Collected data:

================================

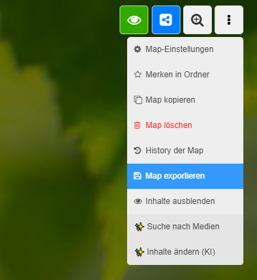 Klicken Sie hierzu im Bearbeitungsmodus rechts oben auf die drei Punkte und wählen „Map exportieren“.
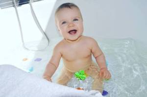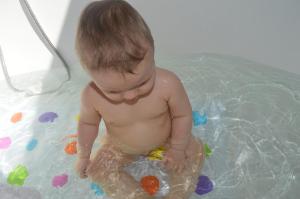 Maar…Daan wordt er niet kleiner en rustiger op… haha het is echt een wilde bras die geen controle heeft over zijn lijfje in het water. Door de bruuske bewegingen en badolie kan hij wel eens wegschuiven.
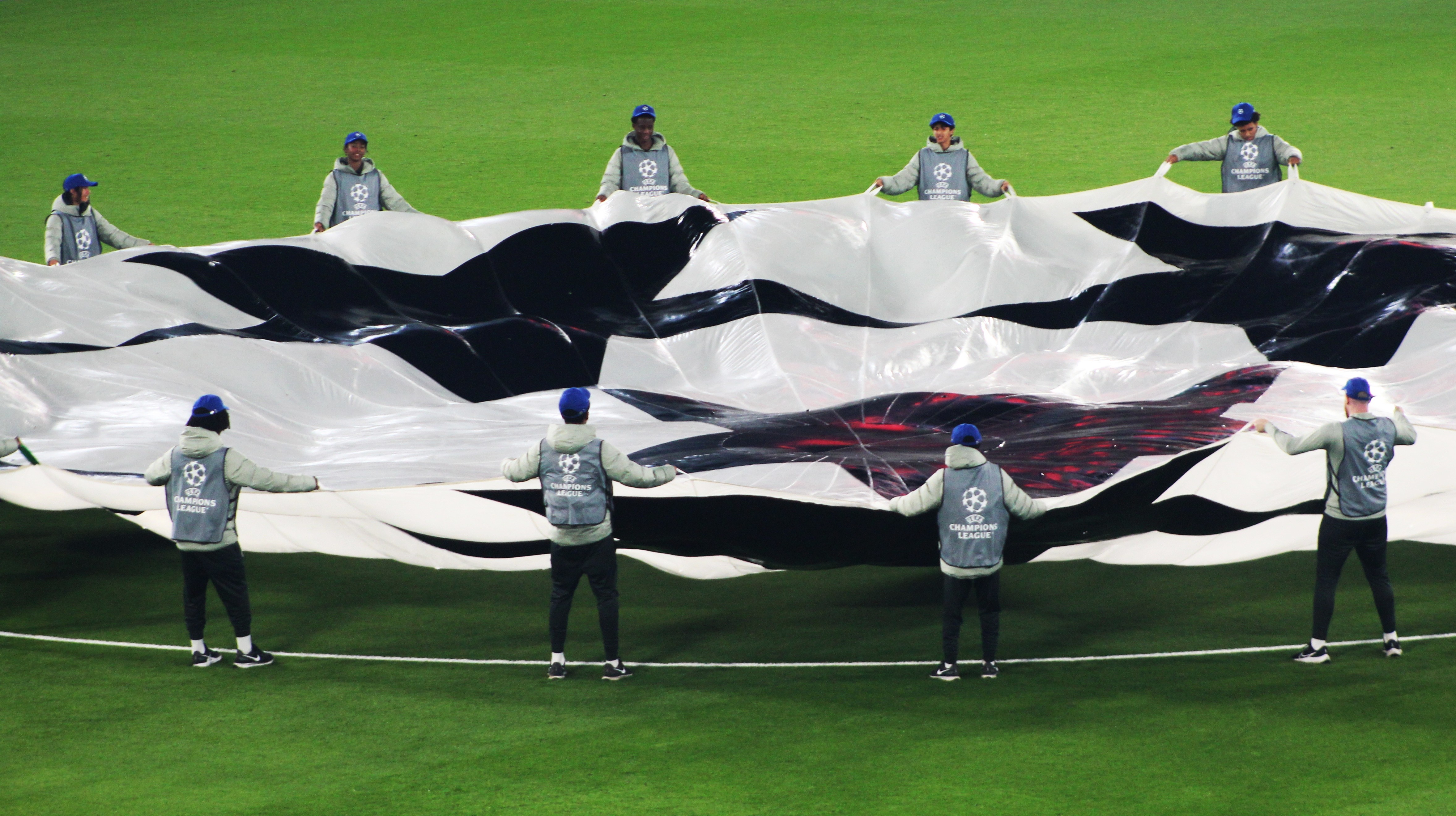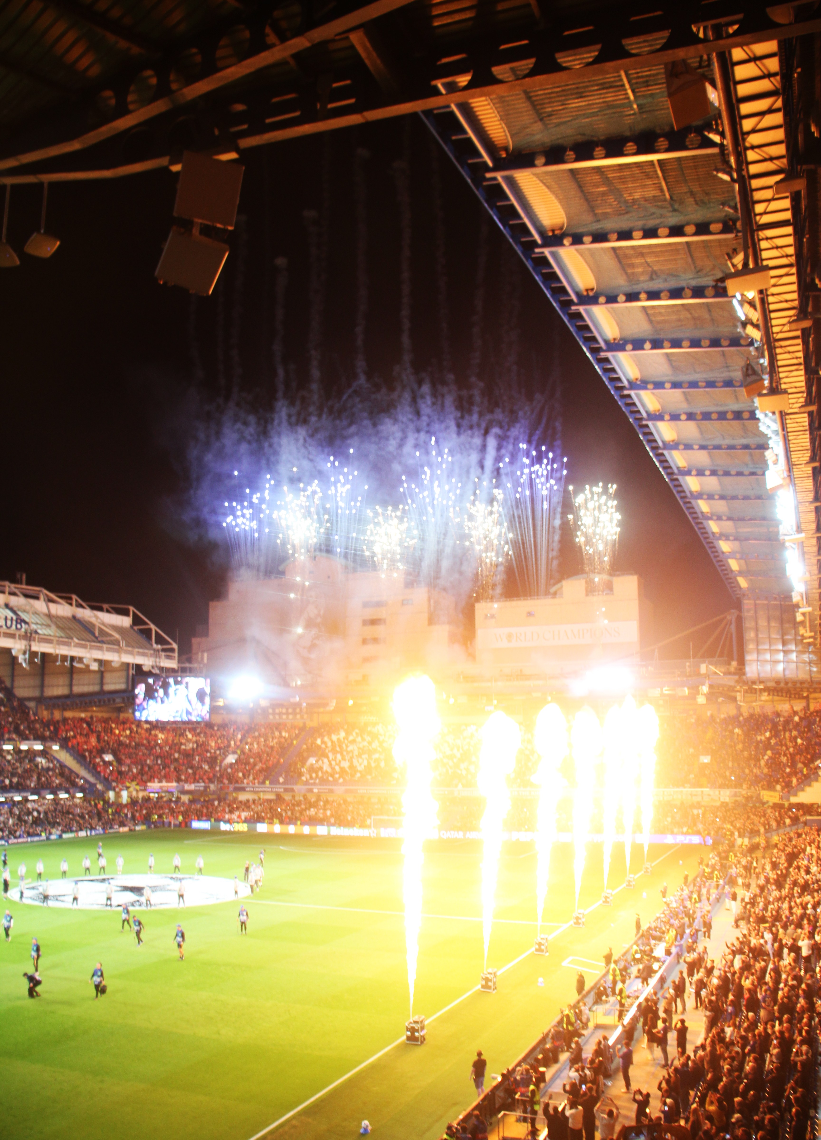 “Our House”, “Parklife”, then fireworks flew off The Shed and the Matthew Harding. Flags were twirled in front of the West Stand, a huge “tifo” of a Chelsea Lion guarding a vast haul of our continental and inter-continental trophies and “Liquidator”. Flames shot into the sky in front of the West Stand, the teams entered the pitch, the Champions League logo, the Champions League anthem.

================================

Work instructions: Retype the listing above exactly as it appears, omitting the pictures.

Exercise answer:
 Klicken Sie hierzu im Bearbeitungsmodus rechts oben auf die drei Punkte und wählen „Map exportieren“.
 Maar…Daan wordt er niet kleiner en rustiger op… haha het is echt een wilde bras die geen controle heeft over zijn lijfje in het water. Door de bruuske bewegingen en badolie kan hij wel eens wegschuiven.
 “Our House”, “Parklife”, then fireworks flew off The Shed and the Matthew Harding. Flags were twirled in front of the West Stand, a huge “tifo” of a Chelsea Lion guarding a vast haul of our continental and inter-continental trophies and “Liquidator”. Flames shot into the sky in front of the West Stand, the teams entered the pitch, the Champions League logo, the Champions League anthem.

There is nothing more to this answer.